=== Work task ===
Pictures are to be left out, and only the lines below starting at the one with "Kawałki w galaretce" and ending at the one with "Упоминались на концерте" are to be reproduced, each exactly, both ends included.

=== Record excerpts ===
++++

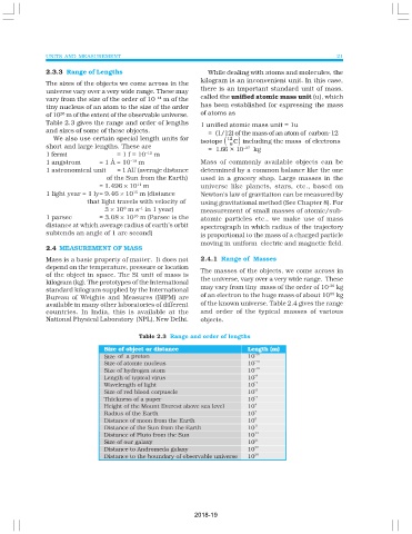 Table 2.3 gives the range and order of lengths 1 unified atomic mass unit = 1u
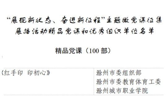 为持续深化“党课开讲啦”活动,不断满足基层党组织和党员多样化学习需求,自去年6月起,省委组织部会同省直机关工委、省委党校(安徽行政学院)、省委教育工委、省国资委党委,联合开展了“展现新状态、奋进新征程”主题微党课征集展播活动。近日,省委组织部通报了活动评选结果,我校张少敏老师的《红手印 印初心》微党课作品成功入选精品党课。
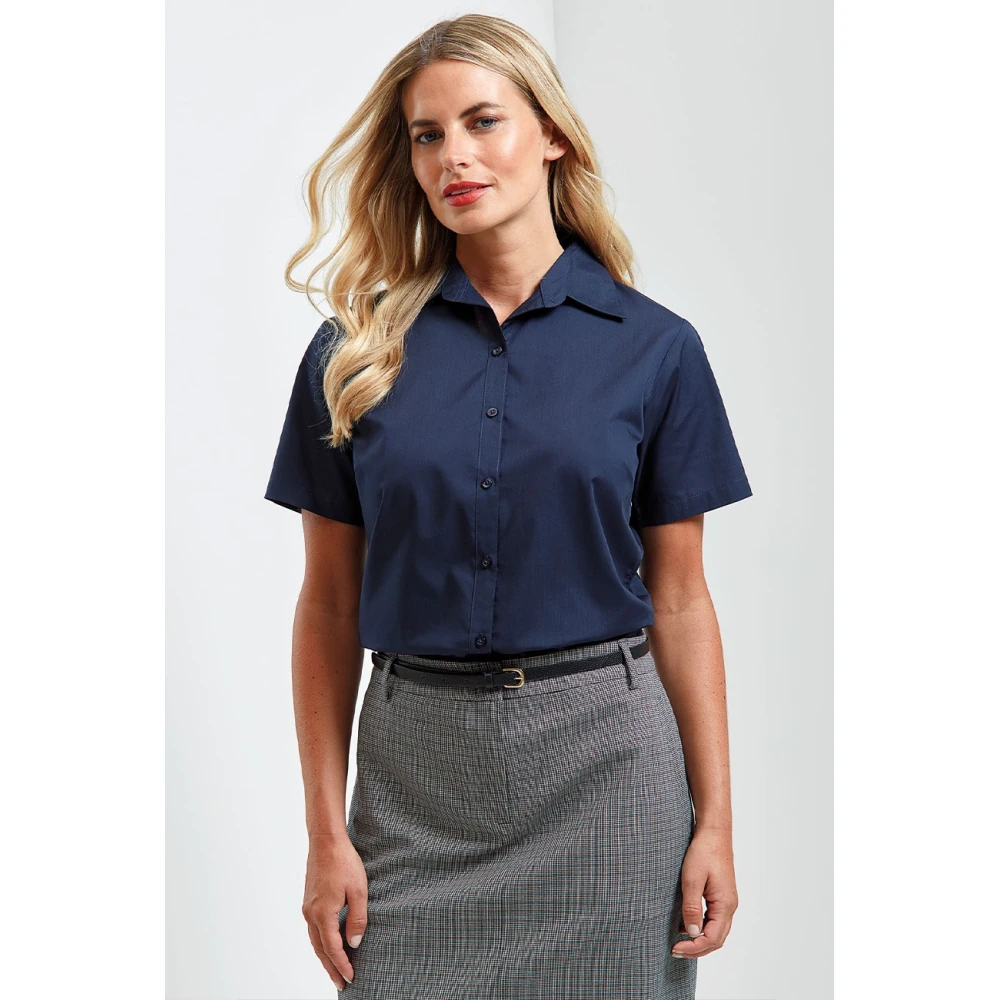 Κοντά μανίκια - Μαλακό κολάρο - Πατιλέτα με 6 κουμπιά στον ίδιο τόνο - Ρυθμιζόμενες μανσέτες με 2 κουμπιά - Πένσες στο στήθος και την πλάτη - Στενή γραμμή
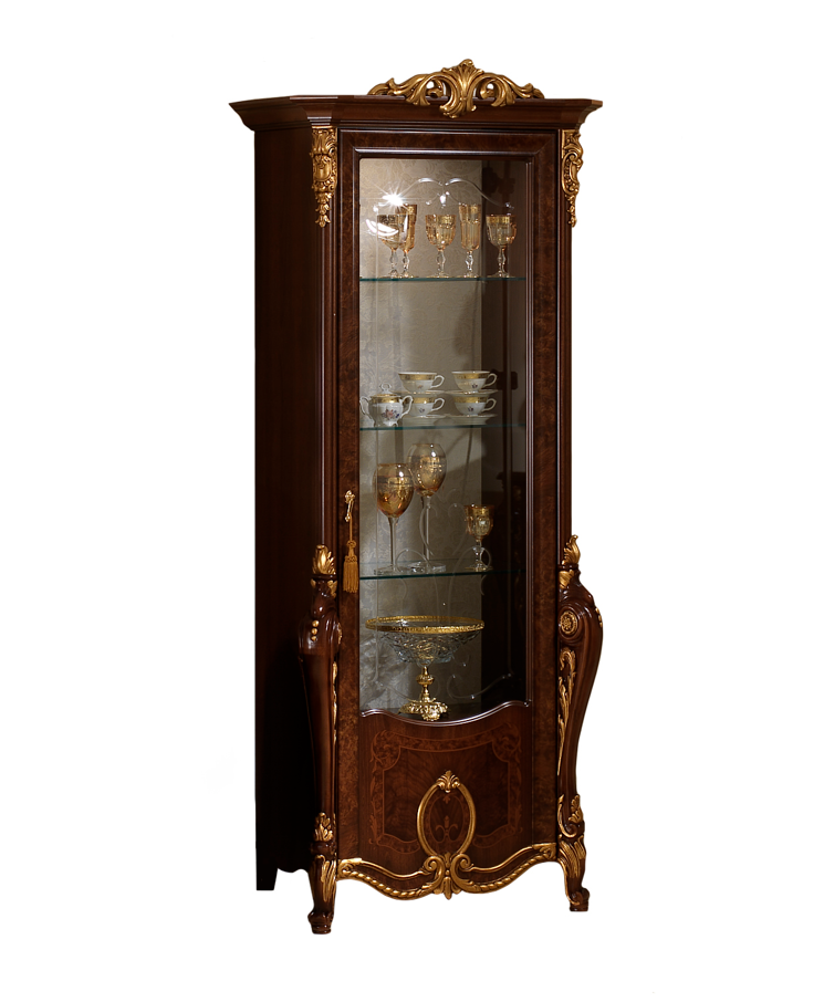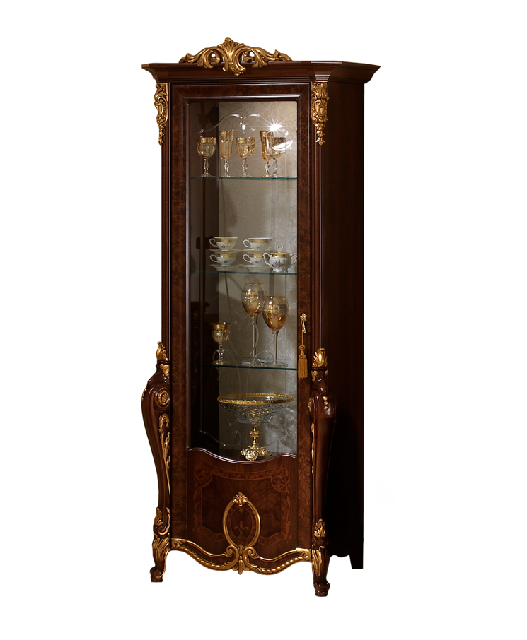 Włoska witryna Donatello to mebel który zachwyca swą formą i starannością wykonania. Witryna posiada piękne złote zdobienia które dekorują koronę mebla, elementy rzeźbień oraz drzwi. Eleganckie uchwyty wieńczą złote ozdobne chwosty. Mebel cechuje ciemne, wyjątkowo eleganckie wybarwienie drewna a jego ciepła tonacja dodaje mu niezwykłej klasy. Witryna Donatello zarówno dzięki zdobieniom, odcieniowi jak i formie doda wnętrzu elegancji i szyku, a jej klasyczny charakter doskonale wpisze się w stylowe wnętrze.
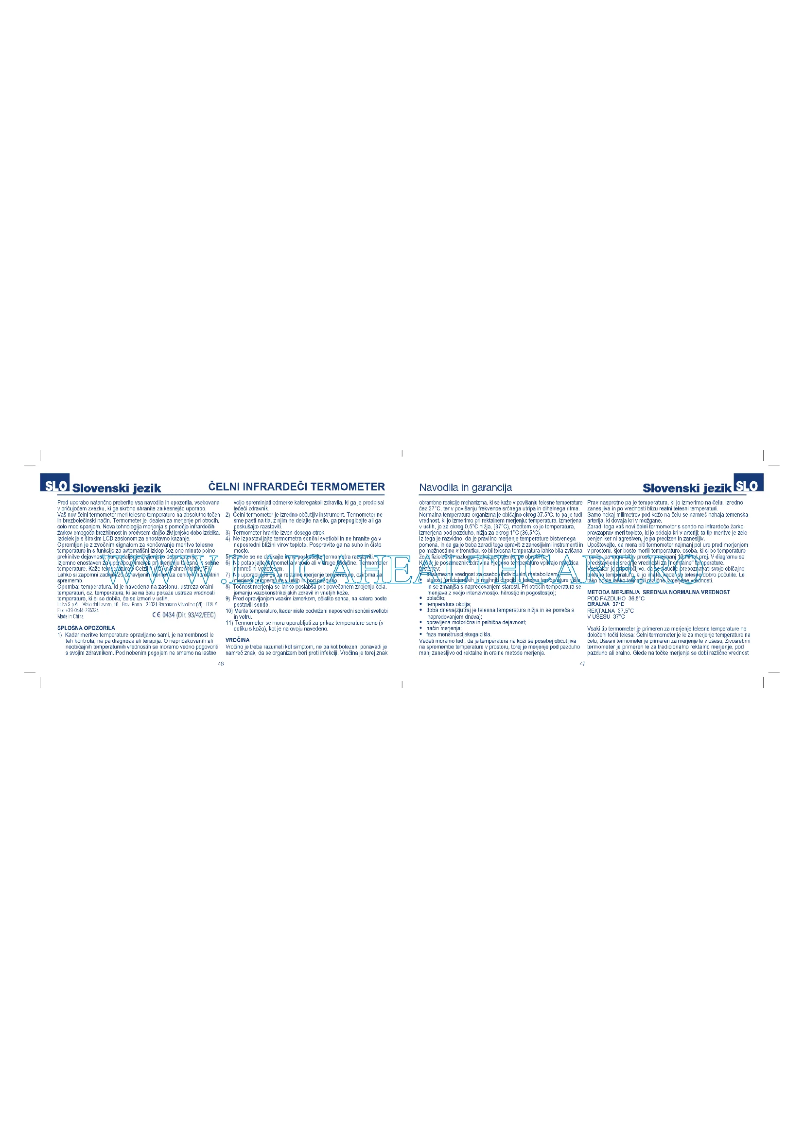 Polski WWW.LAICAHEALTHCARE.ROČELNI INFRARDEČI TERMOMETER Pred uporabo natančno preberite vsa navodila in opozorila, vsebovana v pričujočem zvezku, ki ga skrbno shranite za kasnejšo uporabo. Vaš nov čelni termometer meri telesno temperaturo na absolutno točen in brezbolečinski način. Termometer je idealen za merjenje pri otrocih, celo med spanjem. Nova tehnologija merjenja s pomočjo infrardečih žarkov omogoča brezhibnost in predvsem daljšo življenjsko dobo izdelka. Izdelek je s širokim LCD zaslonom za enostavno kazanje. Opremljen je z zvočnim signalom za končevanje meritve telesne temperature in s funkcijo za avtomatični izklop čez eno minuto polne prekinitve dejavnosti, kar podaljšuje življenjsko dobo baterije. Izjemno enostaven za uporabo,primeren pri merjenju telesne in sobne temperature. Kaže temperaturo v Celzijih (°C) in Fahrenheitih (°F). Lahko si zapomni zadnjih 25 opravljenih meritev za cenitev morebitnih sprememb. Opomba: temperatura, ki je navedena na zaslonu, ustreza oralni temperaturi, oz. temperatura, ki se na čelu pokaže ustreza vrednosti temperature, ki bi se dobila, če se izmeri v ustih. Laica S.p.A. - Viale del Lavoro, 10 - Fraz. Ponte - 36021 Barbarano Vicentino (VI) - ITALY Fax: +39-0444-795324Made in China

++++

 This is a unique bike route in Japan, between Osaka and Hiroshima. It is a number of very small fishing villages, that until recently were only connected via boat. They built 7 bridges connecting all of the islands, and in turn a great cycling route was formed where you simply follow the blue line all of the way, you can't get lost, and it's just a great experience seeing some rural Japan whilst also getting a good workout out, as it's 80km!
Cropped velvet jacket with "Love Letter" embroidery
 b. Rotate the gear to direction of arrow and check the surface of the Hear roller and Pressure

++++

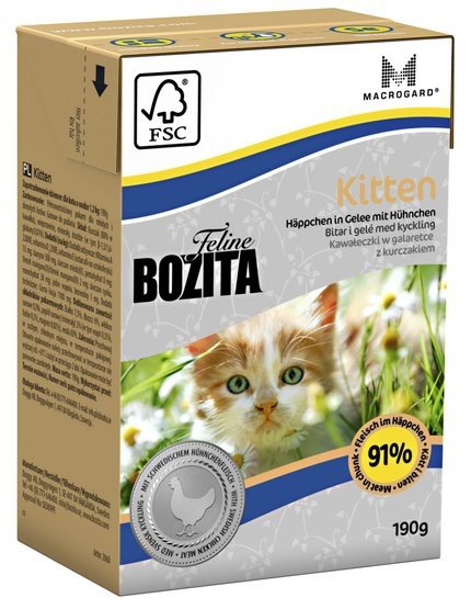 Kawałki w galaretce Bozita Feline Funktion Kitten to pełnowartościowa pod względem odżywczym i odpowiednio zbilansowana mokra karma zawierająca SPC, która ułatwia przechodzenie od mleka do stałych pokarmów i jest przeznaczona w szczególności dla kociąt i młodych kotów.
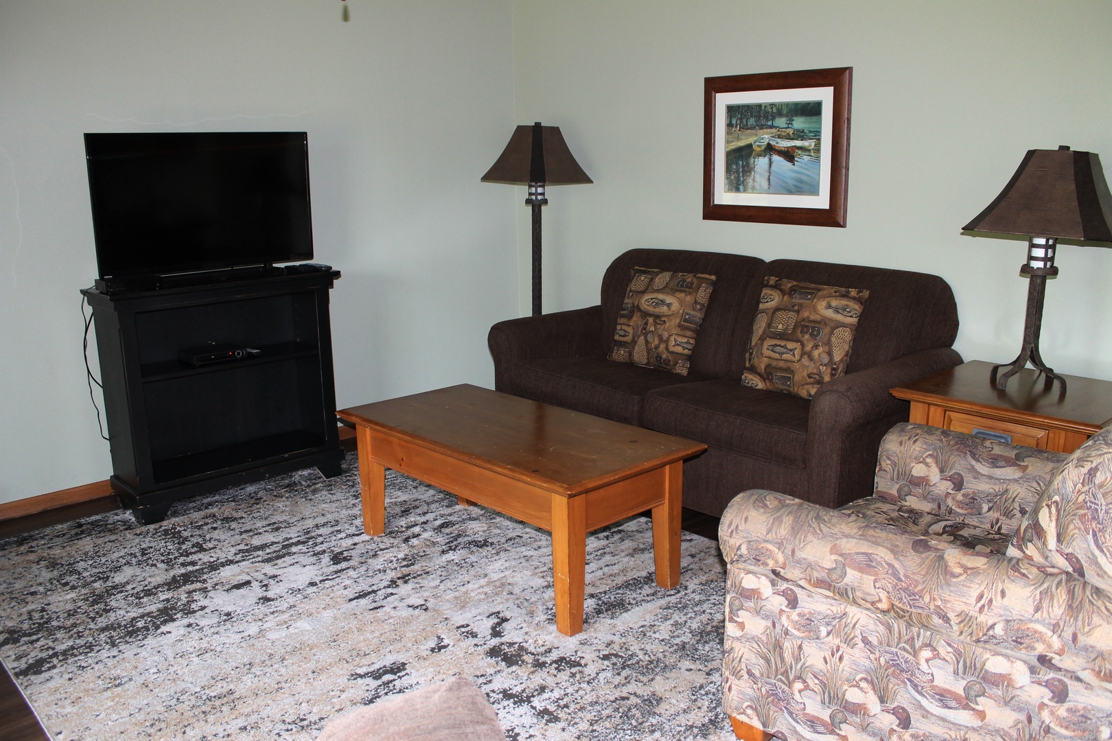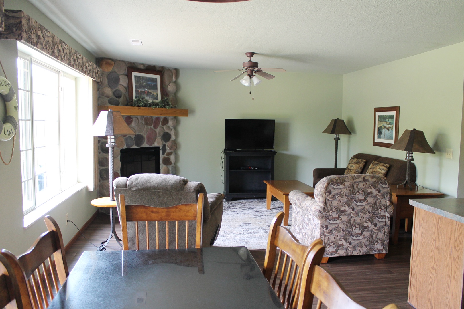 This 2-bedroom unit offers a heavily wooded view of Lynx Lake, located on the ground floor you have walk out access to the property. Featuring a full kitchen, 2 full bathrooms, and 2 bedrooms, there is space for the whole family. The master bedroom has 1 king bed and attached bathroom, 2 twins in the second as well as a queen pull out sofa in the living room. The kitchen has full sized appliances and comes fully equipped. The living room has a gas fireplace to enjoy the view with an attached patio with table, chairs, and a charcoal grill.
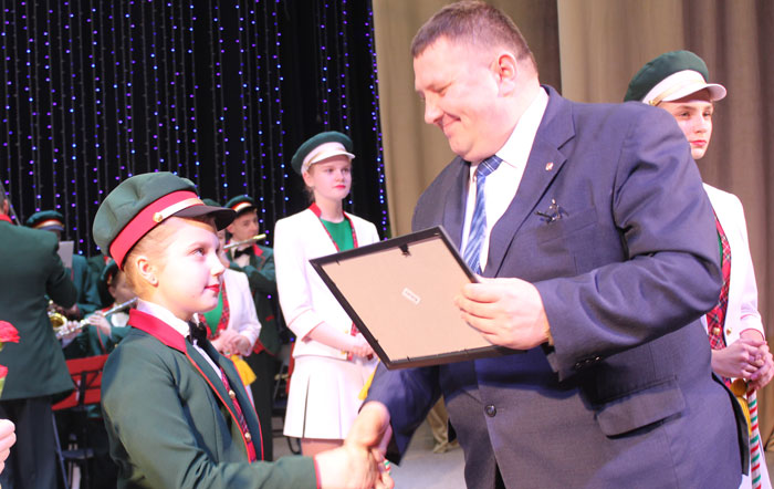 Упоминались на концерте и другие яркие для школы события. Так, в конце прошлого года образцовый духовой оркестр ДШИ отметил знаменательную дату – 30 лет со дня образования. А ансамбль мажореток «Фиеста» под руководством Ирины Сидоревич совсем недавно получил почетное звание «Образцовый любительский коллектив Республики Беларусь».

++++

=== Result of the task ===
 Kawałki w galaretce Bozita Feline Funktion Kitten to pełnowartościowa pod względem odżywczym i odpowiednio zbilansowana mokra karma zawierająca SPC, która ułatwia przechodzenie od mleka do stałych pokarmów i jest przeznaczona w szczególności dla kociąt i młodych kotów.
 This 2-bedroom unit offers a heavily wooded view of Lynx Lake, located on the ground floor you have walk out access to the property. Featuring a full kitchen, 2 full bathrooms, and 2 bedrooms, there is space for the whole family. The master bedroom has 1 king bed and attached bathroom, 2 twins in the second as well as a queen pull out sofa in the living room. The kitchen has full sized appliances and comes fully equipped. The living room has a gas fireplace to enjoy the view with an attached patio with table, chairs, and a charcoal grill.
 Упоминались на концерте и другие яркие для школы события. Так, в конце прошлого года образцовый духовой оркестр ДШИ отметил знаменательную дату – 30 лет со дня образования. А ансамбль мажореток «Фиеста» под руководством Ирины Сидоревич совсем недавно получил почетное звание «Образцовый любительский коллектив Республики Беларусь».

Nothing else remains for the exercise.